Exercise instructions: Write out the listing below exactly, and omit any images you find in it.

Information supplied:
Start of Block
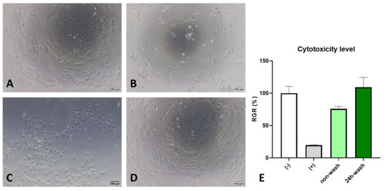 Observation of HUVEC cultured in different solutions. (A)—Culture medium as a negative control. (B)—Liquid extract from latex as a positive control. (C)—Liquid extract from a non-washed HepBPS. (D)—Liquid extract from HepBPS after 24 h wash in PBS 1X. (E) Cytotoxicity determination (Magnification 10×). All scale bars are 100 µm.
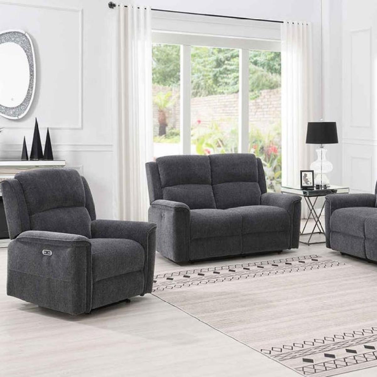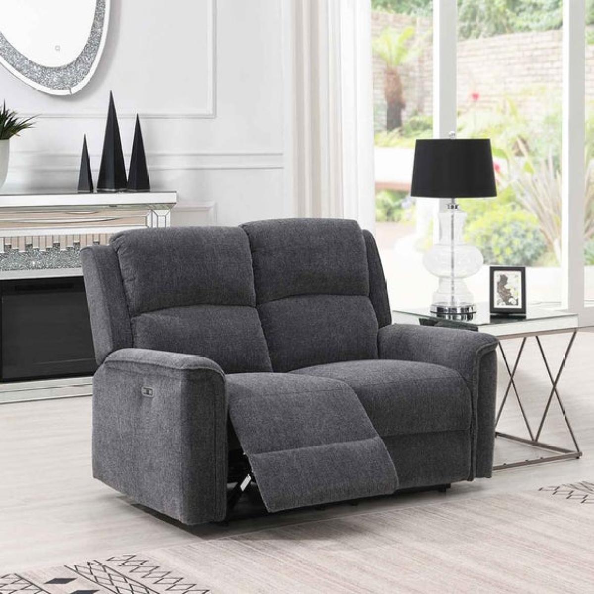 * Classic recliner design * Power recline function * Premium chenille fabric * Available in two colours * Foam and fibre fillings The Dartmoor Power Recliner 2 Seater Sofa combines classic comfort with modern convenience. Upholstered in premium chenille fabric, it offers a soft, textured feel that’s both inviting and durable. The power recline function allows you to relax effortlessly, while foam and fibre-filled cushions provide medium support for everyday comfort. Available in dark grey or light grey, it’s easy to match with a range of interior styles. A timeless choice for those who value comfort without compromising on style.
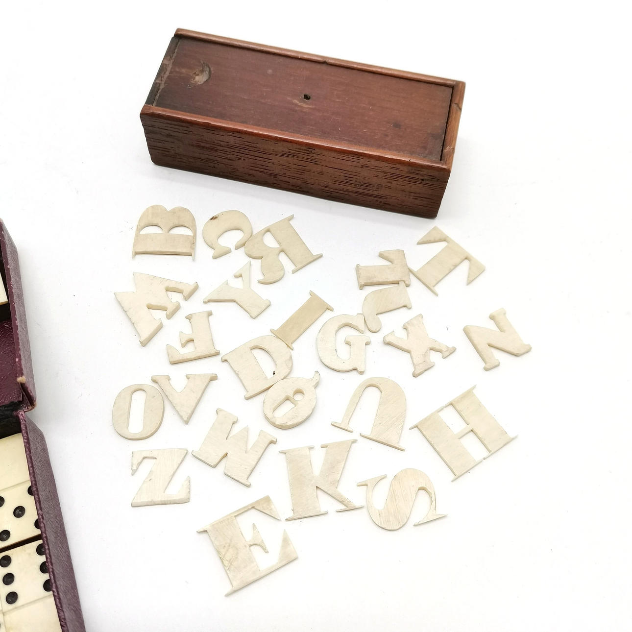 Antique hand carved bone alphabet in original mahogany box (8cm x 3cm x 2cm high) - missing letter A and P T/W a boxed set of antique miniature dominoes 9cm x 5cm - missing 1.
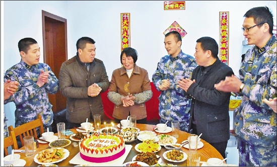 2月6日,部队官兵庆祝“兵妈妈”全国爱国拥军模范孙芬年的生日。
End of Block
Task solution:
 Observation of HUVEC cultured in different solutions. (A)—Culture medium as a negative control. (B)—Liquid extract from latex as a positive control. (C)—Liquid extract from a non-washed HepBPS. (D)—Liquid extract from HepBPS after 24 h wash in PBS 1X. (E) Cytotoxicity determination (Magnification 10×). All scale bars are 100 µm.
 * Classic recliner design * Power recline function * Premium chenille fabric * Available in two colours * Foam and fibre fillings The Dartmoor Power Recliner 2 Seater Sofa combines classic comfort with modern convenience. Upholstered in premium chenille fabric, it offers a soft, textured feel that’s both inviting and durable. The power recline function allows you to relax effortlessly, while foam and fibre-filled cushions provide medium support for everyday comfort. Available in dark grey or light grey, it’s easy to match with a range of interior styles. A timeless choice for those who value comfort without compromising on style.
 Antique hand carved bone alphabet in original mahogany box (8cm x 3cm x 2cm high) - missing letter A and P T/W a boxed set of antique miniature dominoes 9cm x 5cm - missing 1.
 2月6日,部队官兵庆祝“兵妈妈”全国爱国拥军模范孙芬年的生日。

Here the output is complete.